I have spent many years volunteering with a variety of youth development-based organizations.
When I have asked the youth I have worked with what their top concerns or issues in their lives are, negative self-image has always been on the list.
We are constantly inundated in our everyday lives with media messages about how we should look, how we should act and what we “need” in order to be happy and successful in our lives.
Media consumption undoubtedly affects how we view ourselves. In a study that exposed college girls to 40 full-page photographs from Vogue, Cosmopolitan and Glamor magazines, girls who viewed images of idealized models reported more eating disorder symptoms, more negative mood states and lower self-esteem compared to girls in the control group (Zurbriggen & Morgan, 2006).
Furthermore, while we tend to associate body image issues with girls and women, it is estimated that 45 percent of Western boys and men also suffer from negative self-image.
The National Eating Disorders Association published a list of 10 steps to positive body image (2005). Items on this list include remembering your favorite things about yourself, reminding yourself that beauty is a state of mind and not a state of your body and looking at yourself as a whole person.
Throughout my time working with youth, I have come to appreciate the creative arts as a tool for social change and a method for self-empowerment. Below are three creative activities I came up with that incorporate the N.E.D.A. guidelines. I have done these activities with the youth I have worked with. Their enjoyment of the creative process and their improved self-confidence throughout is always a joy to witness. These activities can help change the conversation around about what it means to be beautiful and can encourage people to see themselves in a more positive light.
Start with a blank piece of paper with only an image of a mirror on it.

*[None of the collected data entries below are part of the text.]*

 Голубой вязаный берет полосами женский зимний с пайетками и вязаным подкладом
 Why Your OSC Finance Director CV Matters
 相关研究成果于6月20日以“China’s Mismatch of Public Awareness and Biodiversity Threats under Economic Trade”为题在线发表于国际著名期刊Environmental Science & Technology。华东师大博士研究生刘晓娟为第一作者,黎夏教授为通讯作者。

This can be an image you download off the Internet or one that you draw yourself. Then, draw all of the positive things that you see about yourself when you look in the mirror. You can choose to take a literal approach (i.e., focusing on your physical characteristics) or a metaphorical approach (i.e., focusing on your internal characteristics).
The Mirror, Mirror activity is excellent because it uses the idea of visualization. Visualization is a powerful method for making an abstract concept a reality. By visualizing all the aspects of yourself that you love, the more they become a part of your psyche, and hence the more you develop a more positive image of yourself.

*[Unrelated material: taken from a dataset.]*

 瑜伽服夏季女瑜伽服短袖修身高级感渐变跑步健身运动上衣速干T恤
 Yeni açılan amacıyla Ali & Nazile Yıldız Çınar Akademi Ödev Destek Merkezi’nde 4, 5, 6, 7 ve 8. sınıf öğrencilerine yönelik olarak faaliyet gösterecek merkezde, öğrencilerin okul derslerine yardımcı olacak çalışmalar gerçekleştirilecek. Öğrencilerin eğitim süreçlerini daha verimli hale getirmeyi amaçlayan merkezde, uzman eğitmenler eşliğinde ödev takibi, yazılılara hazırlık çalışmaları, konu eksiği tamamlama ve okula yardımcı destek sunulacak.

Keep your illustration by your actual mirror at home or any other space that you use frequently so you are constantly reminded of all your wonderful qualities.
I Love Myself Because…
For those who are more inspired by words than by images, you might try this activity.
Come up with a list of 10 ways to complete the sentence I love myself because. Then, write these 10 sentences out and tape it to your desk or any other space you use frequently so that you see this list every day.

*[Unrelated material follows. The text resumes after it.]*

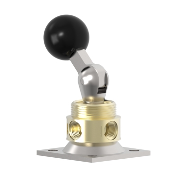 125V Series 1/8 pipe detented Toggle Valves feature the classic Humphrey diaphragm poppet principle. The unbalanced, air-spring return design assures bubble-tight sealing, both positions. Plug exhaust port for 2-way. Standard or brass body suitable for inline, base or panel mounting. Heavy duty lever has positive detent in both positions, and may be rotated for positioning.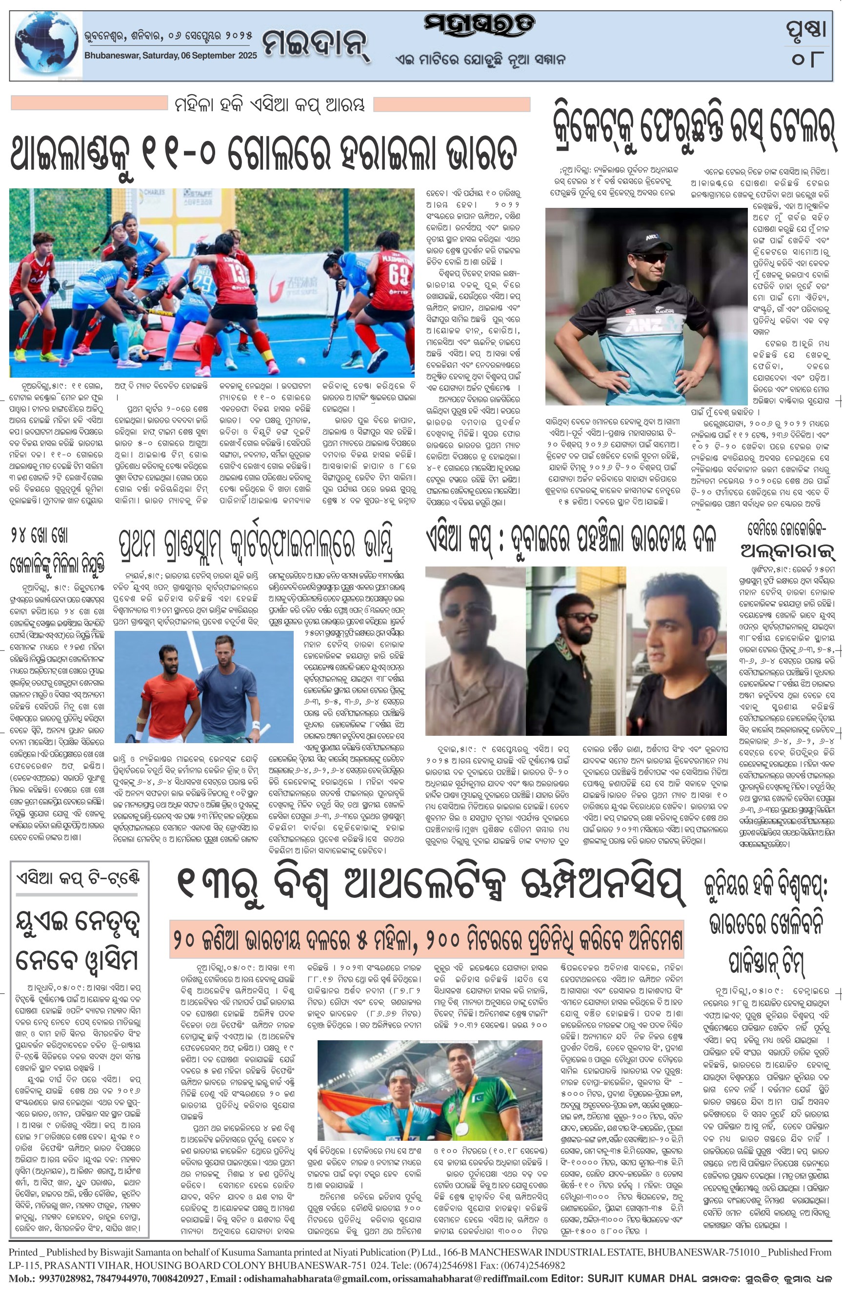 The Mahabharat Odia Daily Newspaper Page: 8 September 06, 2025 The Mahabharat Odia Daily Newspaper << First << 5 6 7 8 >> Last >> Page 1Page 2Page 3Page 4Page 5Page 6Page 7Page 8 × The Mahabharat Odia Daily Newspaper Page-1Page-2Page-3Page-4Page-5Page-6Page-7Page-8 Full PDF << First << 5 6 7 8 >> Last >> Page-1Page-2Page-3Page-4Page-5Page-6Page-7Page-8 Page-8

Writing is linked to memory. So by actually writing these phrases out, you are essentially etching them into your mind.
This exercise also uses repetition, which, like visualization, helps you internalize and realize your thoughts.
In addition, this activity encourages people to think about themselves beyond their physical characteristics, drawing on the idea that beauty is more than just your body.
Define Your Own Beauty
This activity gives you complete freedom to write your own story and define beauty however you wish. You can also illustrate your story and share it among your friends.
By defining beauty in your own way and sharing your definition with others, you are setting the stage to change the cultural norm of one idealized version of beauty to one that is more holistic and all-encompassing.
The founder of The Guardian Princess Alliance, an organization of which I am proud to be a part, aimed to redefine beauty by creating a book series for kids featuring a diverse set of princesses who model all different kinds of beauty. What started as a personal project became an international social movement that is empowering young people everywhere to expand their definition of beauty.
The creative arts are a stepping stone for us to build whatever new reality we want to see in the world. Using the creative arts to redefine beauty can not only help us see ourselves in a more positive light, but can also encourage those around us to rethink their notions of beauty, thereby creating a healthier and more positive cultural climate for all.